Pictures stay out of the copy. Transcribe exactly, and only, the line with "连接不同的点子可围成形状不同" through the last line of the entries below.

[Records from a collection]
*** Block opens ***

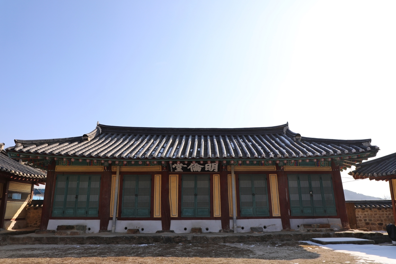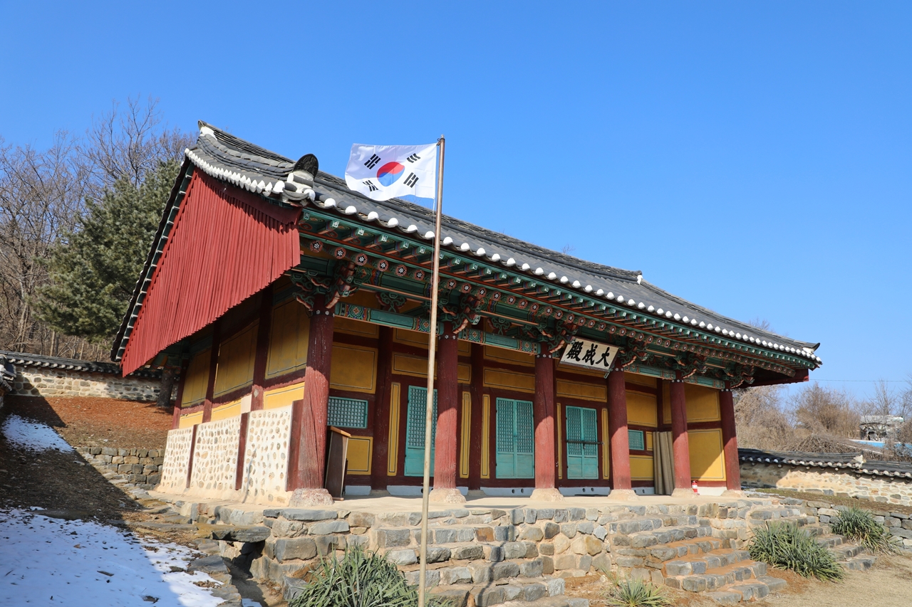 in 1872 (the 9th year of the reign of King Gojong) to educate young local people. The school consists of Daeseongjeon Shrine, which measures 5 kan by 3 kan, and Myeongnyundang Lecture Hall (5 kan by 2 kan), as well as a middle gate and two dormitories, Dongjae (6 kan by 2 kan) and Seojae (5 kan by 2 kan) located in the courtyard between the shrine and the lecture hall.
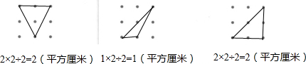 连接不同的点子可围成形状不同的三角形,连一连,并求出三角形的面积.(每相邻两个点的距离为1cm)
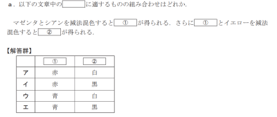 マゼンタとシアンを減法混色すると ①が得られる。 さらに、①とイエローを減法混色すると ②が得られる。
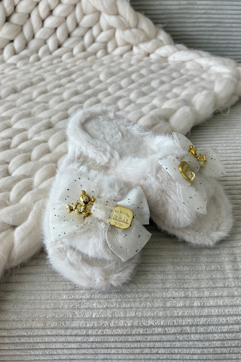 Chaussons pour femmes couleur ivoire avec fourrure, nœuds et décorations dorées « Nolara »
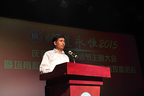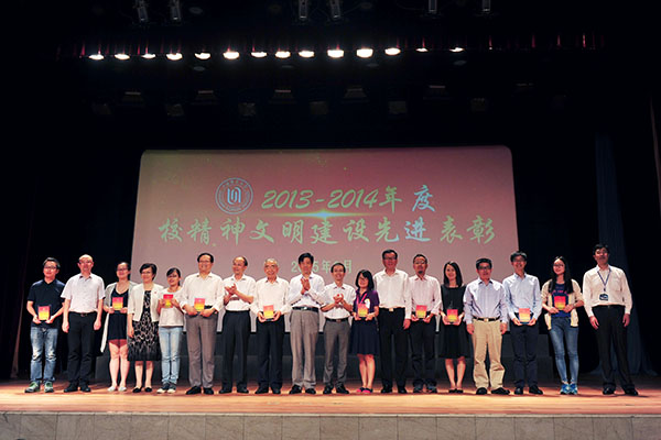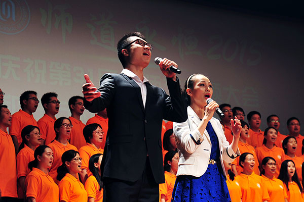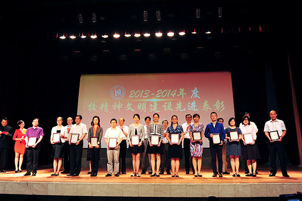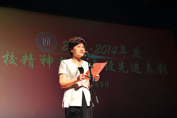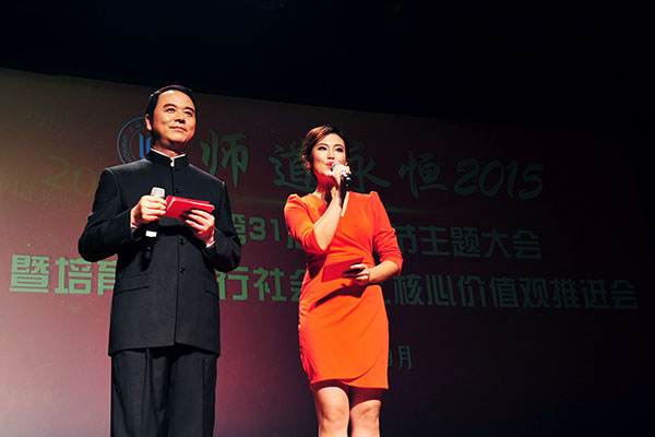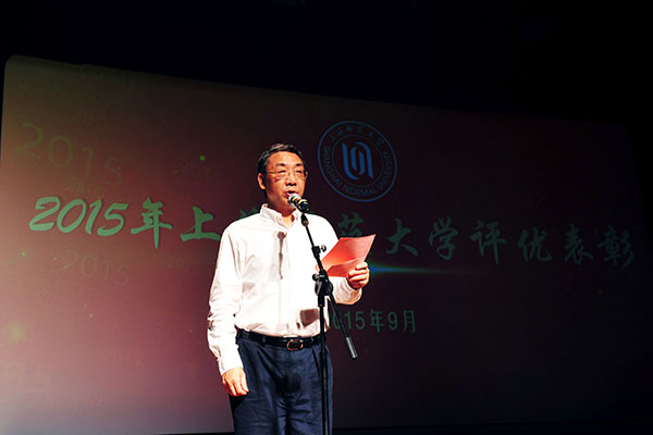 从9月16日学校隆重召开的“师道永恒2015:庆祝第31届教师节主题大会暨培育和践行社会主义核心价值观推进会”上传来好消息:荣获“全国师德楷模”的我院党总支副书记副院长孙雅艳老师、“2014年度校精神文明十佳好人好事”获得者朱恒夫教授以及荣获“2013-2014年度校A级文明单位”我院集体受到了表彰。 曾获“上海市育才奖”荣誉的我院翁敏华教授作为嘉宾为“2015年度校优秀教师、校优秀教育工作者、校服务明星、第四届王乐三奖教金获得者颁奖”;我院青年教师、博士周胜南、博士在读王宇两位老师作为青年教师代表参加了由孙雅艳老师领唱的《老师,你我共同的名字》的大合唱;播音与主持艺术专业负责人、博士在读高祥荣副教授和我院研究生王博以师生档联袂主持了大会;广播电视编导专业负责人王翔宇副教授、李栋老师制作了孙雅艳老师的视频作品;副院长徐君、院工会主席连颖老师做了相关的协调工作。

*** Block closes ***

→ OUTPUT BELOW
 连接不同的点子可围成形状不同的三角形,连一连,并求出三角形的面积.(每相邻两个点的距离为1cm)
 マゼンタとシアンを減法混色すると ①が得られる。 さらに、①とイエローを減法混色すると ②が得られる。
 Chaussons pour femmes couleur ivoire avec fourrure, nœuds et décorations dorées « Nolara »
 从9月16日学校隆重召开的“师道永恒2015:庆祝第31届教师节主题大会暨培育和践行社会主义核心价值观推进会”上传来好消息:荣获“全国师德楷模”的我院党总支副书记副院长孙雅艳老师、“2014年度校精神文明十佳好人好事”获得者朱恒夫教授以及荣获“2013-2014年度校A级文明单位”我院集体受到了表彰。 曾获“上海市育才奖”荣誉的我院翁敏华教授作为嘉宾为“2015年度校优秀教师、校优秀教育工作者、校服务明星、第四届王乐三奖教金获得者颁奖”;我院青年教师、博士周胜南、博士在读王宇两位老师作为青年教师代表参加了由孙雅艳老师领唱的《老师,你我共同的名字》的大合唱;播音与主持艺术专业负责人、博士在读高祥荣副教授和我院研究生王博以师生档联袂主持了大会;广播电视编导专业负责人王翔宇副教授、李栋老师制作了孙雅艳老师的视频作品;副院长徐君、院工会主席连颖老师做了相关的协调工作。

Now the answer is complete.